It is a general and indisputable rule of law that the- principal may revoke and the agent may renounce the latter’s appointment at will and at any time, without committing any breach of ■ the contract of agency and without incurring any liability for damages. There are exceptions to this rule, as where the agent acquired an interest, not [499]*499in the fruits or profits of the thing, but in the thing itself which is the subject-matter of the agency. Hunt v. Rousmanier, 8 Wheat. 175, 203, 5 L. Ed. 589. Rut the agents acquired no such interest in this case, and it is useless to consider or discuss this or other exceptions that are equally inapplicable. In view of the general rule, which has been stated, parties who intend that their contracts of agency shall exist for definite times embody in their contracts express provisions that they shall continue for specified terms, and the absence of such a provision in a contract of agency raises a strong presumption that it was an agency at will.

Counsel argue that the provisions of this^ contract that it should terminate (1) 30 days after the agents failed to transmit due or demanded funds, policies, or receipts, (2) when the authority of the company to operate in Kansas should terminate, and (3) for just and reasonable cause on 30 days’ notice, show that the parties intended to agree, and, therefore, did contract by implication, that the contract of agency should be permanent. There is persuasive force in this contention; but there are other considerations not less convincing. The basic rule for the ascertainment of the true meaning of a contract is to examine all its terms in the light of the situation of the parties when it was made, and to deduce from them the true intention of those who signed it. This agreement contained stipulations that the agents “shall devote their time and best energies to the service of said company,” and “pay all the expenses of conducting the business transacted under the terms of this contract,” but no provision that they shall continue to do so during the term of their natural lives or during any other specified time. Did the plaintiffs intend by that contract to undertake through health and sickness, through profitable and unprofitable business, through fortune and misfortune, to pay the expenses of and to devote all their time and energies to the insurance business of the defendant in Kansas during the term of their natural lives and to subject themselves to damages for a failure to do so? The question is susceptible of but one rational answer. They must have intended to reserve their right, at their own free will and without liability for damages, to renounce this agency whenever the unprofitableness of its business, the superior inducements of other business, or occupation or location, or the health or comfort of themselves or their families, should convince them that it was either their duty, their interest, or their pleasure so to do; and if they had renounced the agency at any time for any of these reasons no court could have sustained a judgment against them for a breach of their contract. Their right thus to renounce was impliedly reserved to them in the contract, and the defendant took the chances of their exercise of it when it made the agreement without any stipulation that they should serve it for a definite time.
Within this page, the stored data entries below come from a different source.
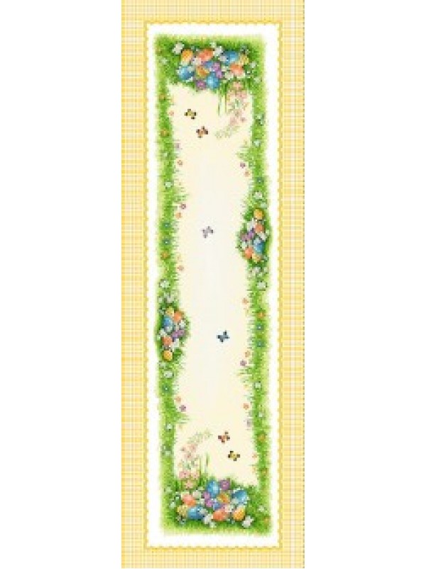 Жълтият кант добавя топлина и слънчево настроение. Великденските яйца са вплетени деликатно в композицията – символично и стилно.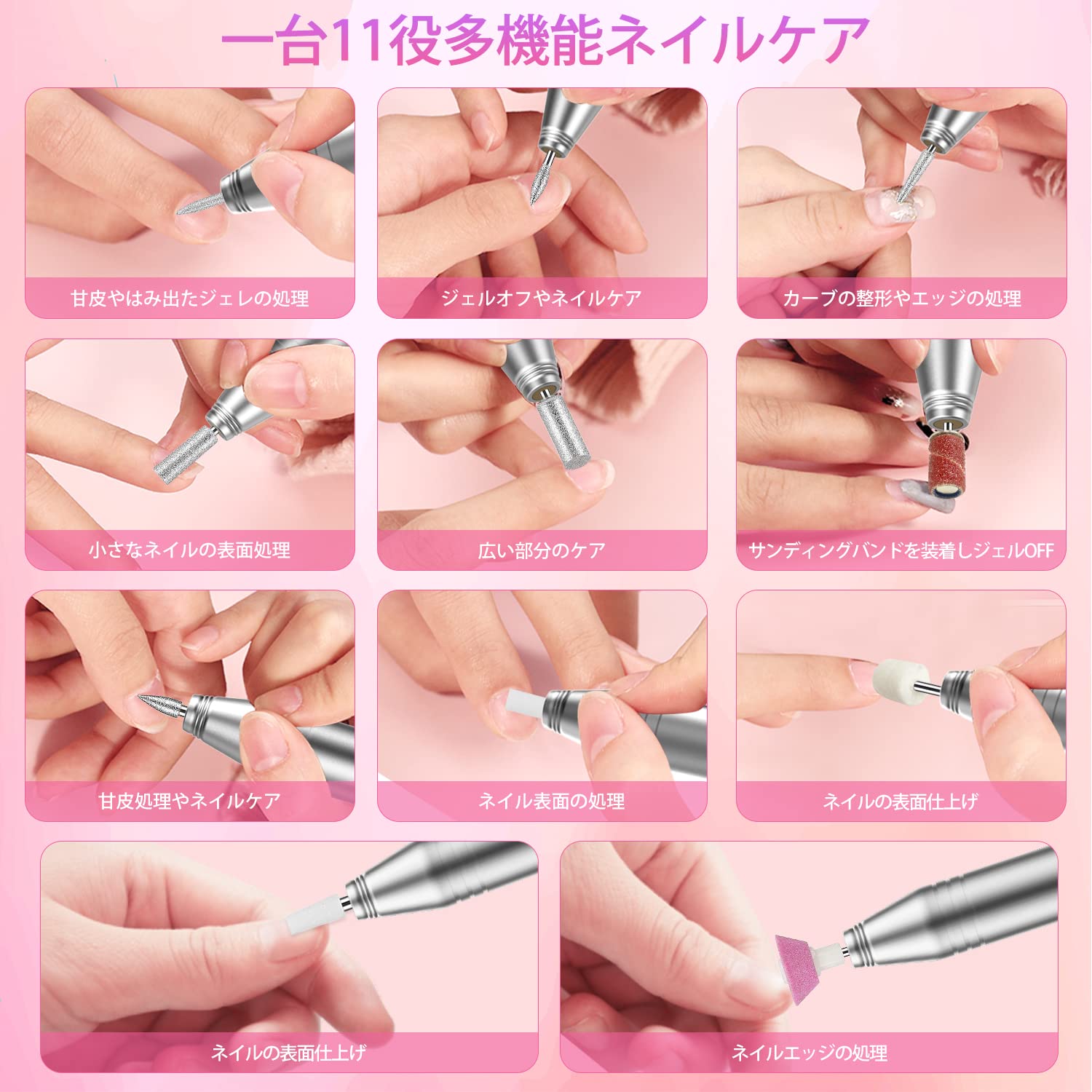 ??【11種類のビット付属で、オフからケアまで可能】 コンパクトなのUSB式タイプで、ネイルアートのオフやジェルネイルのリペアのほか、角質の除去、甘皮処理や爪の整形・爪磨きなど幅広く活用できる11種類のビットが付属しています。ネイルサロンと自宅が愛用することの多いです。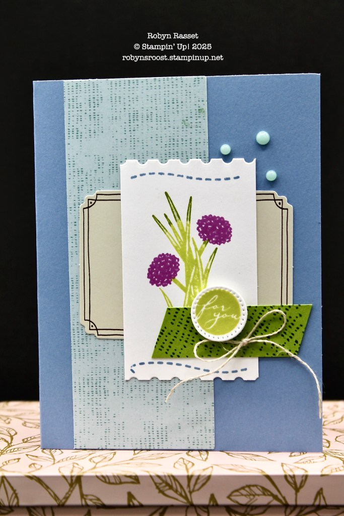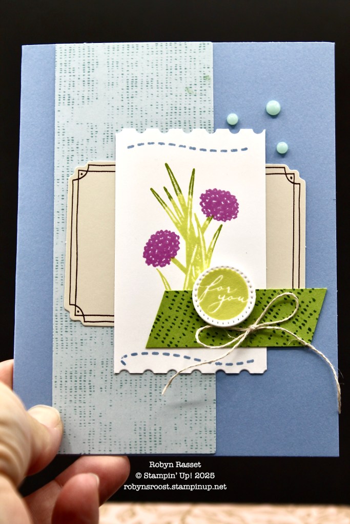 The chive greens were stamped first in Lemon Lime Twist and then the old Rock and Roll Technique was used to add Garden Green to the edges. The green strip is a piece of Granny Apple Green stamped with the background dots from the kit with Garden Green ink to look like the kit pieces which were all used up. The greeting is stamped with Lemon Lime ink and die cut with the smallest circle from the Stylish Shapes Dies. Again, a bow of Linen Thread was added using a glue dot to adhere. The gems are from the Dots for Days pack.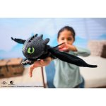 Aceasta jucarie de plus inovatoare prezinta dragonul iconic din Cum sa-ti dresezi dragonul cu detalii fidele filmului, inclusiv plus negru moale cu solzi stralucitori, gheare de pasla si ochi verzi stralucitori brodati.

The defendant was a corporation empowered by the state to conduct the business of life insurance. It was and is common knowledge, of which the parties to this contract could not have been ignorant, that more than 60 per cent, of the companies that embark in that business fail to find it profitable and in a few years either reinsure their risks [500]*500and turn over their business to some other company, or become insolvent and abandon their attempt to insure the lives of their policy holders. The right to determine what risks it should accept and what it should reject, what rates it should charge, in what states it should conduct its business, and in what it should not, how long it should continue to insure lives, in view of its present and probable success or failure, and whether it should continue an unprofitable business to the ultimate loss of itself and its policy holders, or reinsure its risks in some other company and prevent greater loss, and generally to determine and carry into effect the business policy of the company, was vital to the due exercise of its corporate powers, to its continued existence, and to its success.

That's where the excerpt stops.